■ **Description of the task**: Each line below should be repeated exactly as written, with no pictures carried over.

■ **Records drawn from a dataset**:
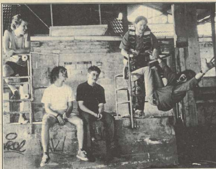
Sticky Finger, en route pour les Eurockéennes ?

Le 23 mars à partir de 17 heures huit groupes régionaux seront en concert au Parc des Expositions de Besançon. Sur une vraie scène, pour la soirée de clôture.
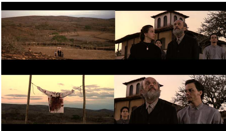
Figura 16: A família de Isaías diz ao patriarca que a camisa do morto, ainda vermelha, amarelou.

Tomadas das camisas aparecem repetidamente durante o filme, como que para lembrar o espectador de que são elas que, por fim, determinam o tempo e a ocorrência da vingança.
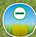
Tolerancia a enfermedades
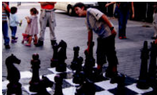
Plaza Zaharrean ere egin zituzten jokoak. N. LIZARTZA
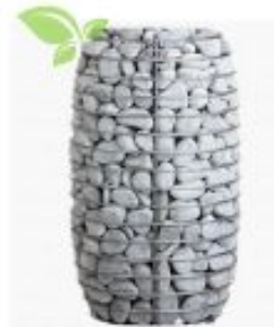
HUUM HIVE MINI
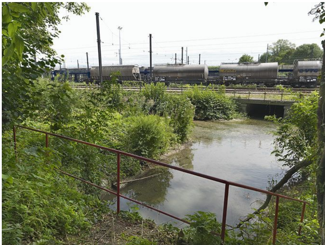
Sortie de l'aqueduc du ruisseau du Préblin, la rigole d'évacuation du canal le rejoint sur la gauche pour passer sous les voies ferrées.

89, Migennes, lieudit : bief 113 du versant Yonne
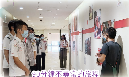
90分鐘不尋常的旅程令同學對戰爭有更深刻的體會

這活動令我體會到生活在戰亂中的可怕。當地人每天都過得膽戰心驚，天天看着家附近的建築被炮彈摧毀，附近的居民越來越少，真是令人髮指！他們無時無刻都擔心炮彈會否突然落在他們身上，想逃，卻又無處可逃，生命懸於一線。這令我深切感受到自己能出生於沒有戰爭的和平國度，實在十分幸福。
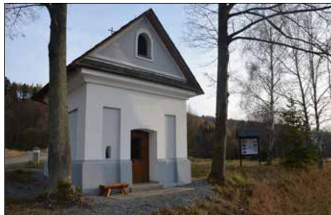
Kaplička mezi Rudoltovicemi a Vojnovicemi po obnově a vysvěcení v roce 2016.
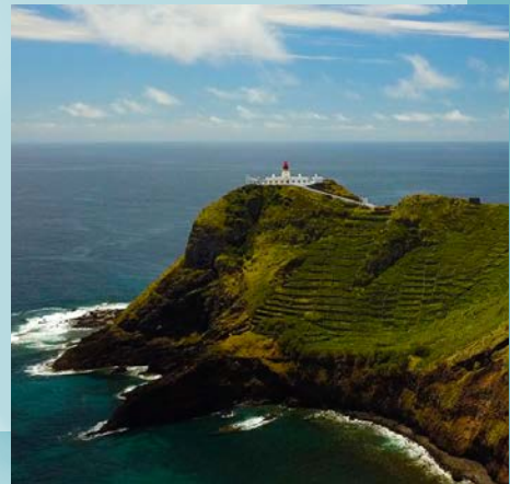
Les Açores, sous le charme Lyne Lefort
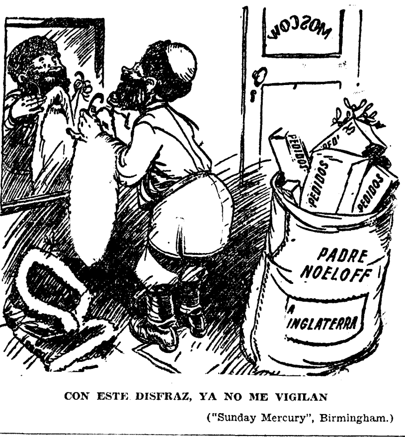
CON ESTE DISFRAZ, YA NO ME VIGILAN ("Sunday Mercury", Birmingham.)

tudios y reglamento de la Escuela Nacional de Sanidad en el término de dos meses. La cobranza de las cuotas para los organismos paritarios Por real orden de Trabajo que aparece ayer en la "Gaceta" se delega en las Cajas generales de Ahorros la cobranza y percepción de las cuotas sobre la contribución industrial y la de utilidades, así como de las cuotas que pudieran establecerse fuera de estas dos, al fin del sostenimiento y perfecta organización económica de los organismos paritarios.
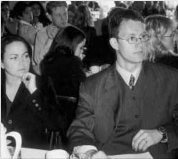
Þáttakendur fylgjast með umræðum.
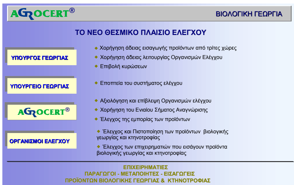
Διάγραμμα 1: Το Θεσμικό Πλαίσιο Ελέγχου και Πιστοποίησης Βιολογικών Προϊόντων 2

Με βάση αυτό το πλαίσιο, σήμερα λειτουργούν στην Ελλάδα τρεις ιδιωτικοί Οργανισμοί Ελέγχου & Πιστοποίησης Βιολογικών Προϊόντων με τις επωνυμίες «ΒΙΟΕΛΛΑΣ», ανώνυμη εταιρεία που λειτουργεί με αυτό το όνομα από το 2001, ενώ το ιστορικό της ως φορέας πιστοποίησης ξεκινά από την έγκριση της το 1993 ως «Σ.Ο.Γ.Ε.» (Σύλλογος Οικολογικής Γεωργίας Ελλάδας), «ΔΗΩ» και «Φυσιολογική», οι οποίες ασκούν τεχνικούς ελέγχους και παρέχουν πιστοποίηση στο σύνολο των Ελλήνων βιοκαλλιεργητών. Η «ΔΗΩ» αποτελεί με μεγάλη διαφορά τον σημαντικότερο
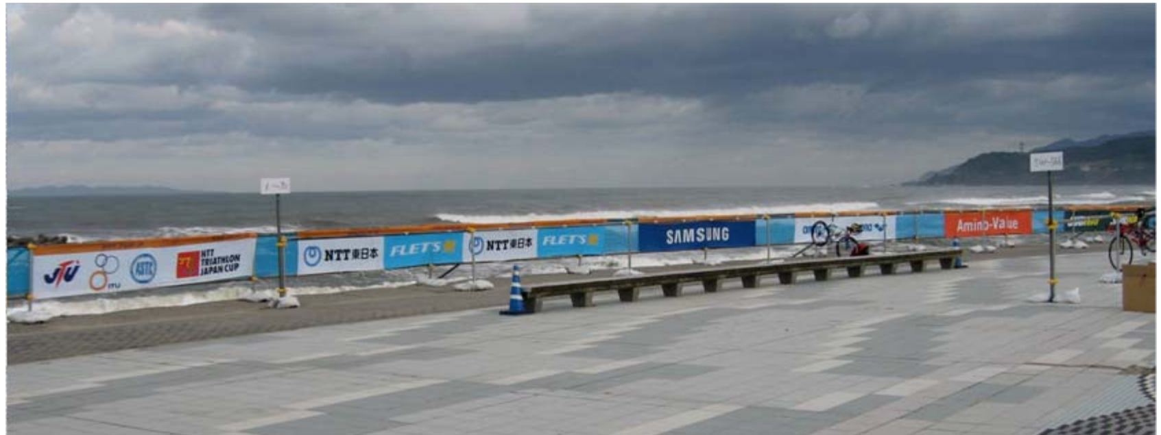
アドバナー:スイム会場
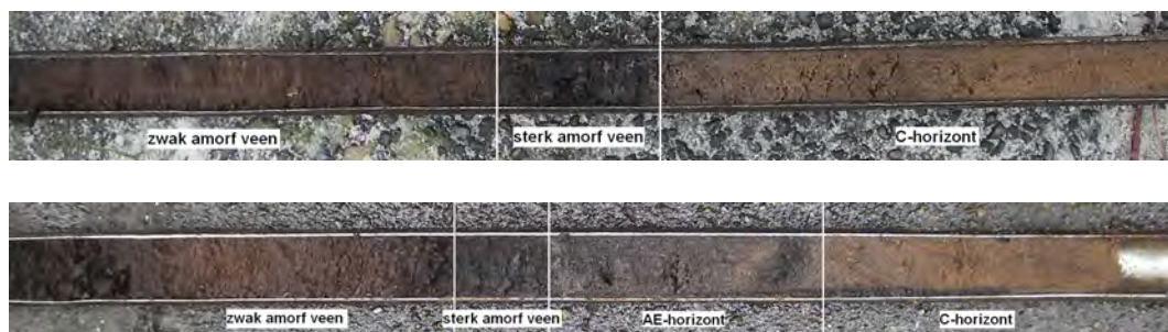
Figuur 5: Boorkernen van boring 39: 1,0 - 1,4 m beneden maaiveld (boven) en boring 59: 1,3 - 1,7 m beneden maaiveld (onder). Bij beide kernen is de linkerkant boven. De breedte van de guts is 2 cm. Ter plaatse van boring 39 heeft nauwelijks bodemvorming plaats gevonden in het zand, ter plaatse van boring 59 wel: humeuze aanrijking en uitspoeling (AE-horizont). Aangezien een duidelijk herkenbare inspoelingshorizont (B) ontbreekt, is van een podzolbodem nog geen sprake.

De overgang van het Pleistocene zand naar het bovenliggende veen is bij driekwart van de boringen intact aangetroffen. Hierbij moet worden aangemerkt dat vooral geboord is in tuinen en openbaar groen. Waarschijnlijk is de zand-veen-overgang algemeen verstoord ter plaatse van bebouwing en straten. De bovenliggende veenlaag is veel sterker verstoord. In de eerste plaats door landbouwkundig gebruik in het verleden, maar nog veel meer door de aanleg van de tegenwoordige wijk.
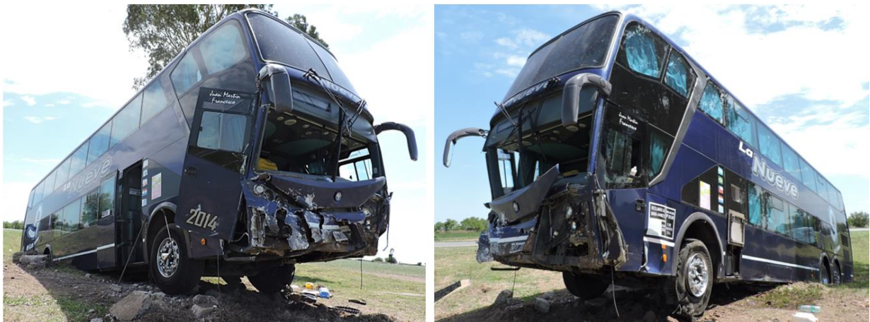
Figura 6. Visualización de los daños del vehículo.

Presentó daños en la parte frontal inferior, rotura del paragolpes delantero y de los parabrisas inferiores. También se observaron deformaciones en la parte lateral inferior izquierda y la puerta del conductor. El vehículo tuvo desprendimiento parcial de la puerta delantera derecha de la cabina de conducción y total de paragolpes trasero.

■ **Solution below**:
Sticky Finger, en route pour les Eurockéennes ?

Le 23 mars à partir de 17 heures huit groupes régionaux seront en concert au Parc des Expositions de Besançon. Sur une vraie scène, pour la soirée de clôture.
Figura 16: A família de Isaías diz ao patriarca que a camisa do morto, ainda vermelha, amarelou.

Tomadas das camisas aparecem repetidamente durante o filme, como que para lembrar o espectador de que são elas que, por fim, determinam o tempo e a ocorrência da vingança.
Tolerancia a enfermedades
Plaza Zaharrean ere egin zituzten jokoak. N. LIZARTZA
HUUM HIVE MINI
Sortie de l'aqueduc du ruisseau du Préblin, la rigole d'évacuation du canal le rejoint sur la gauche pour passer sous les voies ferrées.

89, Migennes, lieudit : bief 113 du versant Yonne
90分鐘不尋常的旅程令同學對戰爭有更深刻的體會

這活動令我體會到生活在戰亂中的可怕。當地人每天都過得膽戰心驚，天天看着家附近的建築被炮彈摧毀，附近的居民越來越少，真是令人髮指！他們無時無刻都擔心炮彈會否突然落在他們身上，想逃，卻又無處可逃，生命懸於一線。這令我深切感受到自己能出生於沒有戰爭的和平國度，實在十分幸福。
Kaplička mezi Rudoltovicemi a Vojnovicemi po obnově a vysvěcení v roce 2016.
Les Açores, sous le charme Lyne Lefort
CON ESTE DISFRAZ, YA NO ME VIGILAN ("Sunday Mercury", Birmingham.)

tudios y reglamento de la Escuela Nacional de Sanidad en el término de dos meses. La cobranza de las cuotas para los organismos paritarios Por real orden de Trabajo que aparece ayer en la "Gaceta" se delega en las Cajas generales de Ahorros la cobranza y percepción de las cuotas sobre la contribución industrial y la de utilidades, así como de las cuotas que pudieran establecerse fuera de estas dos, al fin del sostenimiento y perfecta organización económica de los organismos paritarios.
Þáttakendur fylgjast með umræðum.
Διάγραμμα 1: Το Θεσμικό Πλαίσιο Ελέγχου και Πιστοποίησης Βιολογικών Προϊόντων 2

Με βάση αυτό το πλαίσιο, σήμερα λειτουργούν στην Ελλάδα τρεις ιδιωτικοί Οργανισμοί Ελέγχου & Πιστοποίησης Βιολογικών Προϊόντων με τις επωνυμίες «ΒΙΟΕΛΛΑΣ», ανώνυμη εταιρεία που λειτουργεί με αυτό το όνομα από το 2001, ενώ το ιστορικό της ως φορέας πιστοποίησης ξεκινά από την έγκριση της το 1993 ως «Σ.Ο.Γ.Ε.» (Σύλλογος Οικολογικής Γεωργίας Ελλάδας), «ΔΗΩ» και «Φυσιολογική», οι οποίες ασκούν τεχνικούς ελέγχους και παρέχουν πιστοποίηση στο σύνολο των Ελλήνων βιοκαλλιεργητών. Η «ΔΗΩ» αποτελεί με μεγάλη διαφορά τον σημαντικότερο
アドバナー:スイム会場
Figuur 5: Boorkernen van boring 39: 1,0 - 1,4 m beneden maaiveld (boven) en boring 59: 1,3 - 1,7 m beneden maaiveld (onder). Bij beide kernen is de linkerkant boven. De breedte van de guts is 2 cm. Ter plaatse van boring 39 heeft nauwelijks bodemvorming plaats gevonden in het zand, ter plaatse van boring 59 wel: humeuze aanrijking en uitspoeling (AE-horizont). Aangezien een duidelijk herkenbare inspoelingshorizont (B) ontbreekt, is van een podzolbodem nog geen sprake.

De overgang van het Pleistocene zand naar het bovenliggende veen is bij driekwart van de boringen intact aangetroffen. Hierbij moet worden aangemerkt dat vooral geboord is in tuinen en openbaar groen. Waarschijnlijk is de zand-veen-overgang algemeen verstoord ter plaatse van bebouwing en straten. De bovenliggende veenlaag is veel sterker verstoord. In de eerste plaats door landbouwkundig gebruik in het verleden, maar nog veel meer door de aanleg van de tegenwoordige wijk.
Figura 6. Visualización de los daños del vehículo.

Presentó daños en la parte frontal inferior, rotura del paragolpes delantero y de los parabrisas inferiores. También se observaron deformaciones en la parte lateral inferior izquierda y la puerta del conductor. El vehículo tuvo desprendimiento parcial de la puerta delantera derecha de la cabina de conducción y total de paragolpes trasero.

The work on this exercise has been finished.